Shackelford TK. Aggressive Behav. 2002; 28(3): 224-232.

Copyright

(Copyright © 2002, International Society for Research on Aggression, Publisher John Wiley and Sons)

DOI

unavailable

PMID

unavailable

Abstract

Working from an evolutionary psychological perspective, M. Wilson, M. Daly, and J. Scheib [1997. Feminism and Evolutionary Biology. New York: Chapman and Hull. p 431-465] hypothesized and found that reproductive-aged females incur excess risk of rape-murder (being raped and murdered) relative to nonreproductive-aged females and that this excess risk cannot be attributed solely to the greater association of young women with violent, young men.
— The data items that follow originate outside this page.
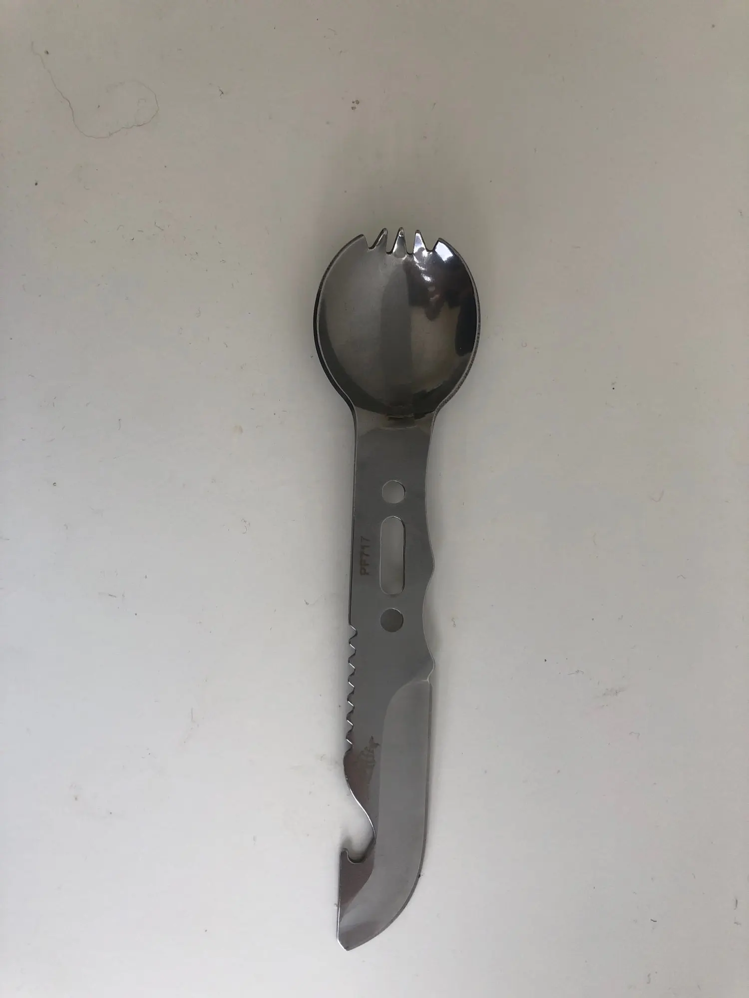 Многофункциональная посуда для кемпинга, открывалка для бутылок с ложкой и вилкой, портативный инструмент для безопасности и выживания, прочный набор для выживания из нержавеющей стали
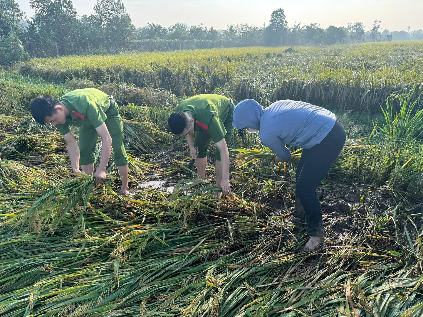 Công an xã Ô Diên hỗ trợ các gia đình có người già, neo đơn, thiếu lao động khẩn trương thu hoạch sớm diện tích lúa gãy đổ.
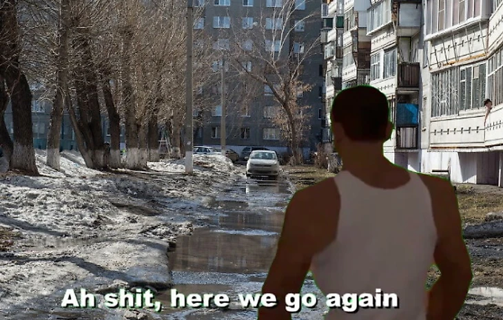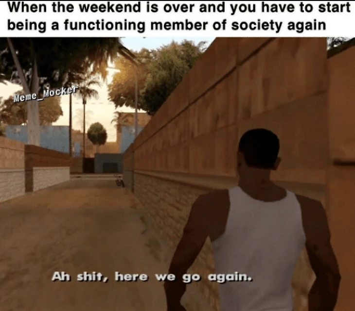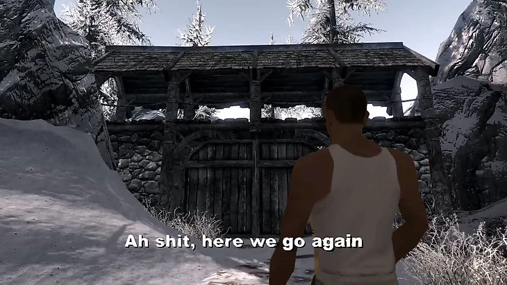 Первая катсцена из GTA: San Andreas, в которой главный герой Сиджей возвращается в город с фразой: «Ах дерьмо, здесь мы идем снова», или же «Черт подери, снова я тут», стала очень популярным мемом. Сначала плашку с недовольным Сиджеем лепили на моменты из других игр.
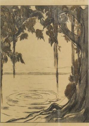Le fleuve vert, lithographie originale en couleurs tirée sur pap...
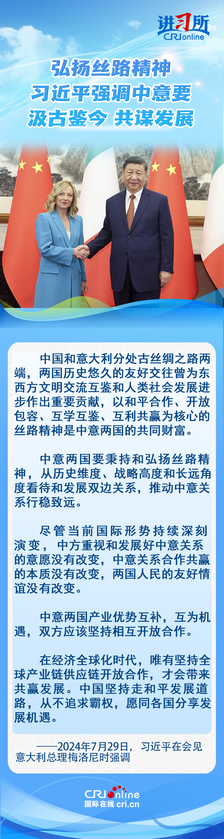 7月29日,中國國家主席習近平在北京會見來華進行正式訪問的意大利總理梅洛尼。習近平指出,今年是中意建立全面戰(zhàn)略伙伴關(guān)系20周年和馬可·波羅逝世700周年,雙方汲古鑒今、共謀發(fā)展面臨重要機遇。
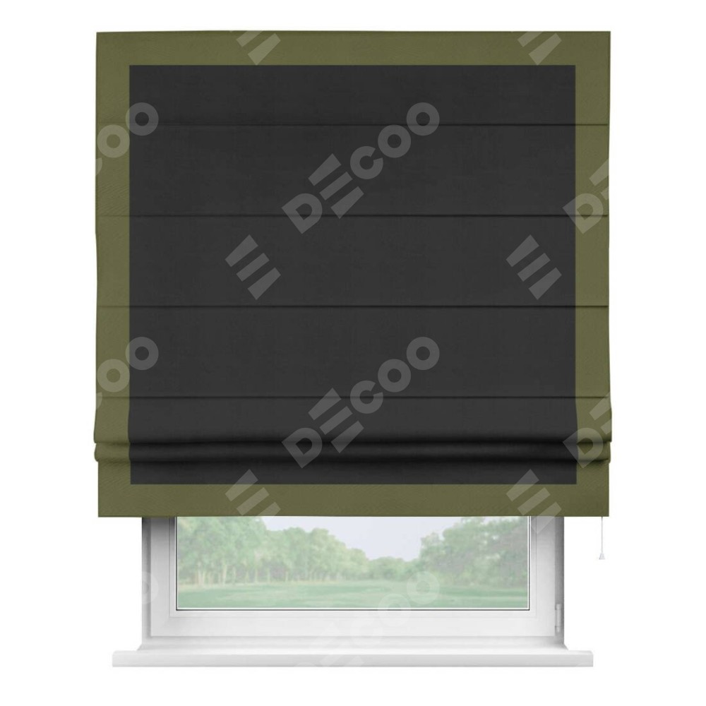 Римская штора производителя «Cortin», используется для проёма, пошита из ткани блэкаут однотонный черный, артикул ткани 79904. Отделка шторы кантом «Чесс», ткань для канта используется из блэкаута однотонного разной расцветки на выбор. Имеет универсальный механизм и подходит для монтажа: на потолок, на стену и в нишу.

The current research provides the first national-level replication of these findings for the United States. I secured access to a national database of homicides occurring in the United States between 1976 and 1994 and selected for analysis cases in which a female was (1) raped and murdered by a male previously unknown to her or (2) murdered in the context of theft by a male previously unknown to her. Results replicate the work of Wilson et al. [19971 and document that (1) young men commit the majority of rape-murders and theft-murders; (2) young, reproductive-aged women are overrepresented among the victims of rape-murder but (3) are underrepresented among the victims of theft-murder. Discussion acknowledges the uncertain generalizability of theoretical and empirical work on rape-murder to rape not accompanied by murder and addresses two challenges to an evolutionary perspective on rape-murder: (1) Why are nonreproductive-aged females raped? and (2) Why are raped females subsequently murdered?